Featuring Chef Darren Teoh of Dewakan and Ong Ning Geng of Chocolate Concierge

Fundamentally, when you think about an ingredient, what is it that determines its worth? Price is, of course, dictated by the economy of demand and supply; but what it’s worth is measured in less tangible factors. Logically, it is the flavours it brings to the dish and, of course, the level of difficulty in obtaining said ingredient that should be the only things to consider. In Malaysia, however, there is yet another element that contributes to what makes an ingredient ‘desirable’ and that, unfortunately, is whether or not it is imported.

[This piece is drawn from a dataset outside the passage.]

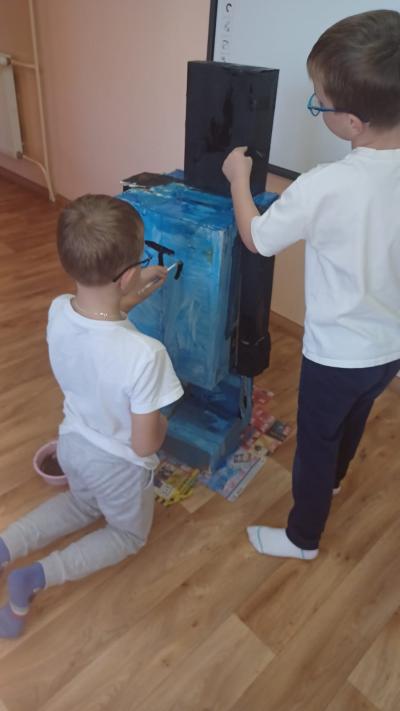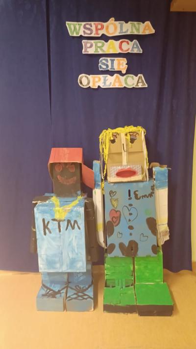 Dzieci poznały składniki przyrody ożywionej i nie nieożywionej oraz wytwór pracy ludzkiej jakim jest ROBOT. Trenując umiejętności pracy zespołowej, osiąganie kompromisu oraz cierpliwość (praca trwała parę dni i składała się z kilku etapów) uczniowie zbudowali roboty. Czy odgadniecie na jakie grupy byli podzieleni? Popatrzcie na ich piękne prace. Wystawa pt. „Wspólna praca się opłaca” na korytarzu szkolnym do 21.11.2025 r.

Take fish, for example: there is undoubtedly a bias for salmon and cod that has been air-flown into the country as compared to the local varieties of fish. Darren Teoh of Dewakan puts it this way: “Salmon takes about four days to reach our shores but, somehow, when you’re at a Chinese restaurant and the fish they used hasn’t just died 30 seconds ago, you get upset. That’s double standards!” He continues: “I don’t deny that there is good salmon or cod that comes from abroad but what I want to challenge is that why don’t the masses invest in, believe in or pay (a premium) for something that is local?”

Never has this partiality for imported goods been more apparent than when you look at chocolates. Ong Ning Geng, the founder of Chocolate Concierge, asks: “Why do most people think that for chocolate to be good, it has to be made in European countries when, in fact, they have no access to cocoa in their lands?” In 1990, Malaysia was the third largest producer of cocoa in the world; today, we are still in the top 10. What this means is that, unlike imported fish or grains (quinoa, we’re looking at you), for chocolate, the consumer is actually “paying for a round-trip; paying for the cocoa to be imported from the tropics to Europe, and then back to our shores.”

Through this photo series, The Peak aims to highlight what it means to champion local ingredients as demonstrated by Teoh and Ong. We follow one ingredient – the cocoa bean – as it makes its way, quite literally, from farm to table, and how it transforms from a fruit of the earth into a product of human ingenuity. And the best part of it all is, it is entirely homegrown.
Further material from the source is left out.